2. Enschede ~ガイドブックに載っていない町~

 Twente大学の所在地であるEnschede(エンスヘデ)は,ドイツとの国境に接するオランダ北東部Overijssel(オーファーライセル)州のTwente地方にある.人口15万人の小さな町である.オランダに渡る前,私と妻は,日本でありとあらゆるガイドブックを探したものの,オランダの観光名所は西側に集中しており,結局,Enschedeに関する記事を発見できなかった.当時,TwenteやEnschedeをキーワードとしてネット検索すると,花火倉庫爆発(2)やコンピュータ棟放火(3)といった事故,事件ばかりが目につき,肝心の生活に役立ちそうな情報を得られなかった.

 事前の知識なしに,Schiphol空港からの直行電車でオランダを横断し,終点のEnschedeに向かうことになった.空港から10分も電車で揺られると,建物がまばらとなる.視界の先には山がなく,起伏のない田園風景が広がる.2時間あまりで到着したEnschedeは,のどかな田舎町であった.大学周辺では乳牛が暇そうに草をむしる音をたて,キャンパス内では池のほとりでガチョウが群れ,物怖じせずに自分の縄張りを人間に主張している.しかし,想像以上の僻地ではなかった.近所のスーパーマーケットは品揃えがよく,生活に不自由はなかった.町の中心部では,オランダで一番大きな青空市場が毎週火,土曜日に催され,活気あふれる(写真1).

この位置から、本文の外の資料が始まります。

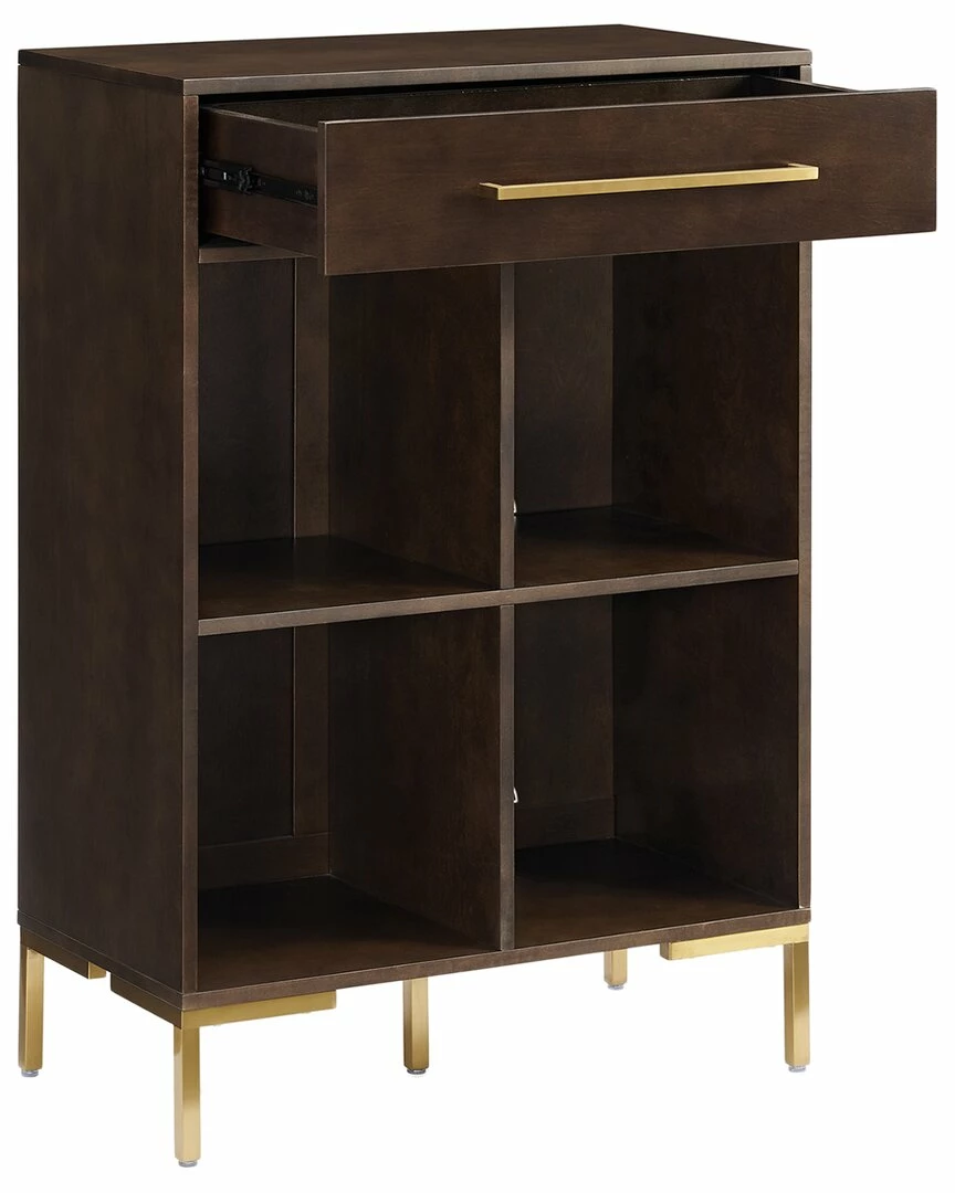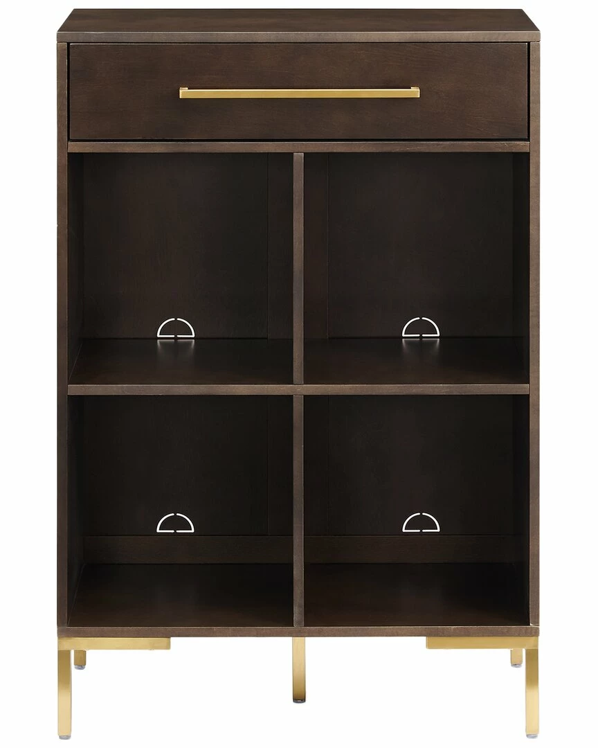 - Color/finish: dark brown finish on bookcase with steel legs in a brushed brass finish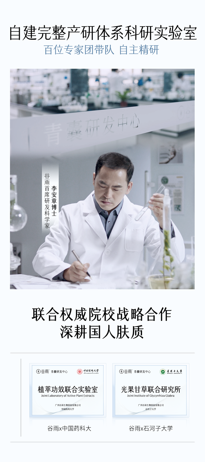 - 谷雨,更适合中国人肤质的植萃美白。专研中华珍稀美白植萃光甘草定,深入研究中国人肤质特点,打造中国女性独有的仙气白。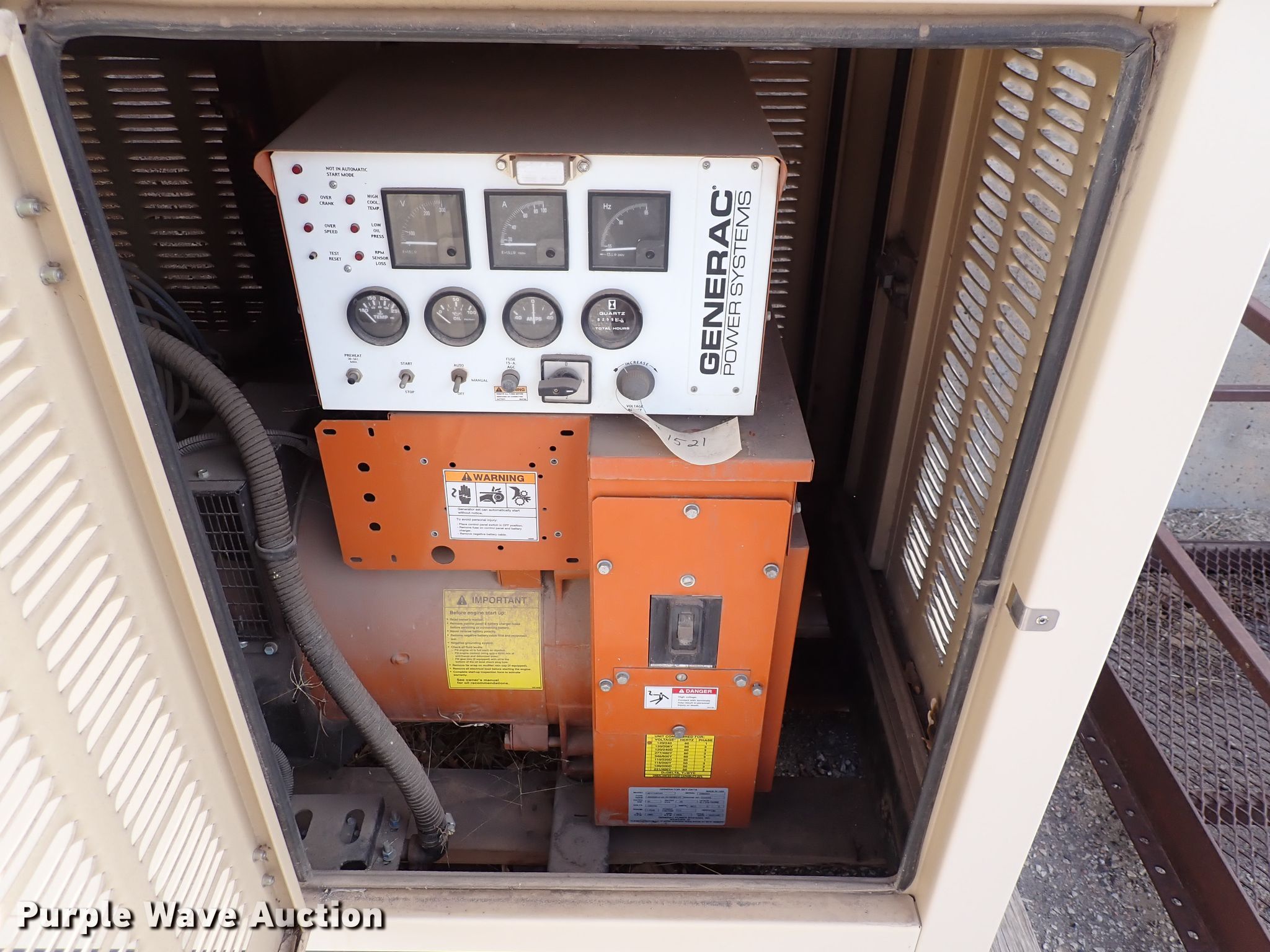 Purple Wave is selling a used Generator Set in Kansas. This item is a Generac 6217130100 generator with the following: Hours: 259, Serial: 2086655, KDOT ID: 1521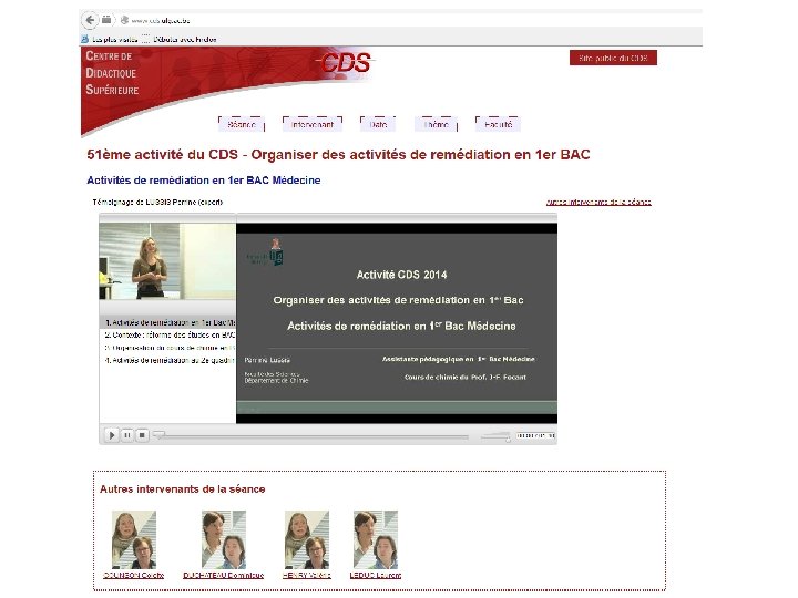 Les « séances CDS » : fréquentation 1426 participants / 56 séances (25, 5 participants / séance) Top 6 : (> 50 participants) • Séance 22 - Promouvoir la recherche bibliographique en 1ère année de BAC : 64 • Séance 21 - Favoriser l'acquisition d'un système de travail adapté à l'enseignement universitaire : 58 • Séance 18 - Concevoir et utiliser des supports multimédias (Power. Point, Tableau Interactif, Vidéos) pour l'enseignement en Amphi : 58 • Séance 36 - Mettre en place une évaluation formative : 52 • Séance 34 - Comprendre les facteurs de réussite et d'échec en 1 er BAC : 50 • Séance 29 - L’E-Learning au service de nos activités de 1 er bac : 21 50

 オランダ人は,総体的に朗らかで,親切である.勝手がわからず困っていると,必ず誰かに助けてもらえた.特に,Twente大の他にも国際大学があるEnschedeの住民は,外国人研究者への対応に慣れているようである.町では,外国人研究者の妻のための会合がボランティアによって運営されており,妻は毎週のお茶会,オランダ語教室,遠足などを楽しんだ.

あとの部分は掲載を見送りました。